One Pan Chicken Pesto & Chickpeas
I can’t think of a more easy meal to whip up when you need to get dinner quickly on the table than this one-pan meal with chicken thighs, cherry tomatoes, and chickpeas. The zingy bursts of flavor from the tomatoes, combined with the subtle earthiness of the chickpeas, elevate this dish into a simple and delicious feast.

Everyone loves a good one-pan meal and this One-Pan Chicken Pesto & Chickpeas is just that. Everything comes together quickly and, best of all, with minimal effort on your part. Just brown the chicken thighs and after that, it’s just time in the oven and dinner is served!
This recipe uses bone-in, skin-on chicken thighs, which I find to be super juicy and flavorful and portioned perfectly for exactly one serving per thigh. The rest of the meal is rounded out with vegetables and additional protein, from the chickpeas, the cherry tomatoes, and the green beans. All in all, you’ll have a delicious meal to dig into in no time, plus clean-up will be super easy!
Key ingredients
The beauty of this recipe is how quickly it comes together with just 6 ingredients!

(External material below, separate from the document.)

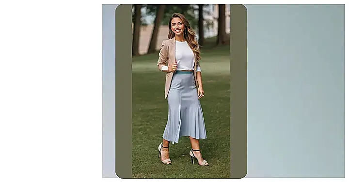 This picture shows a totally stylish outfit – a beautiful light blue midi skirt and a beige blazer. It’s perfect for a fancy lunch date or maybe even a super important school presentation (if you’re feeling extra confident!). But here’s the kicker: the model is rocking some seriously chic heels. The question is, could this look work just as well with sneakers? We’re thinking maybe some stylish white sneakers or even some cool patterned ones could make this a whole new level of comfy chic! Imagine strolling through the park, looking amazing and feeling super comfortable all at the same time.

- Bone-in, skin-on chicken thighs: Bone-in chicken thighs are my favorite because the bone releases flavor into the meat while cooking, acting as an insulator to keep it moist and tender. There’s just a lot more flavor than boneless chicken thighs, plus the crisp, juicy skin makes it taste even better.
- Green beans: Adds additional source of protein and fiber to the dish
- Cherry tomatoes: The tomatoes add a pop of flavor that complement the chicken and pesto perfectly.
- Canned chickpeas (aka garbanzo beans): Chickpeas are known for their nutty buttery flavor and creamy texture. They crisp up perfectly with the chicken, beans, and tomatoes when put in the oven.
- Olive oil
- Fresh basil pesto: You can use either store-bought (used in this recipe) or make your own with fresh basil, garlic, pine nuts, olive oil, and Parmesan cheese
How to make one-pan chicken pesto & chickpeas
- Season the chicken thighs all over with salt and pepper, before cooking it in a pan over medium-high heat. Make sure to leave the chicken skin side down in the pan for about 6-8 minutes, so that it can brown properly.
- Turn the thighs over and add green beans, tomatoes, and chickpeas to the pan. After sprinkling some salt, transfer the pan to the oven that’s set at 425 degrees F and cook for 25-30 minutes.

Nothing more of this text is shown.